Saturday Evening Movie Thread 01-11-2020 [Hosted By: TheJamesMadison]

Kubrick, Hitchcock, and Bergman

bad first films 01.jpg


What do Alfred Hitchcock, Ingmar Bergman, and Stanley Kubrick all have in common? They're all considered some of the greatest filmmakers to have ever lived. In addition, though, they have another curious connection in that all three have first films that are terrible.

The Paradise Garden, Crisis, and Fear and Desire all show signs of the future masters' talents, visual styles, and thematic obsessions, but they're rough at the absolute best. Without the later context, the movies on their own are rather joyless slogs and not really deserving of attention. However, the later context does exist. That doesn't make these films good by any stretch of the imagination, but it does make them interesting vessels through which to watch great artists take their first creative steps.



In the Beginning

bad first films 02.jpg


Both Hitchcock and Bergman started in similar places. They were both products of studio systems at different times. Hitchcock came up in the British studio system during the silent era while Bergman came up in the post war Swedish studio system. Hitchcock was one of a handful of trailblazers, figuring out the new medium as it was first forming. Bergman was from the next generation with a mentor who was of Hitchcock's generation. Both were given assignments by the studios in their early days. Hitchcock worked into his director's job from title card designer, and Bergman started as a writer before he was commissioned to do his first picture.

Kubrick, on the other hand, went the independent route.
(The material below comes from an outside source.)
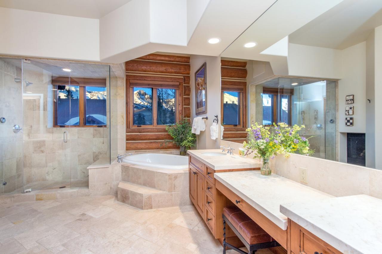 Enter into the foyer and travel up a half flight of stairs to the great room with vaulted ceilings and wooden beam detail, composed of a comfortable living area, gourmet kitchen and dining room. In the living room guests enjoy a couch and two chairs surrounding the gas fireplace and flat screen TV – perfect for lounging after a long day of hiking, biking or skiing through the beautiful Mountain Village! For those who enjoy games, there is a small game table with two chairs here, too. Step through the room’s French Doors to the balcony with Wolf gas grill and views of the San Sophia Ridgeline and Telluride Ski Resort. For the rest of your culinary needs, the kitchen is equipped with stainless steel appliances from Wolf, SubZero and Bosh, a wine refrigerator and granite countertops creating a breakfast bar for three. For additional dining options, the dining room, which is connected to the kitchen, seats up to eight guests.

He was in his twenties and decided to make a movie. He worked as a photographer for Look magazine. He raised the money for the money from his family and friends, and went out to the New York countryside where he made his movie with a cast of just a handful.

The three represent a cross section of how to start in the movie business, and, unfortunately, not everyone can start as well as Orson Welles.

The Pleasure Garden


Hitchcock's first film is a curious little piece about a small town girl who moves to the big city and becomes an instant dance sensation. Except that, despite her dominating the first twenty minutes of the film, she's not the main character and ends up falling off the film for long stretches. The main character is the girl who brings her to the theater for the first time and gets cozy with the girl's fiancé after the girl promises herself to a prince.

It's not the most interesting movie, and it's mostly rather dull with flat camera placements like Hitchcock was filming a play (a common way to shoot scenes in the silent era).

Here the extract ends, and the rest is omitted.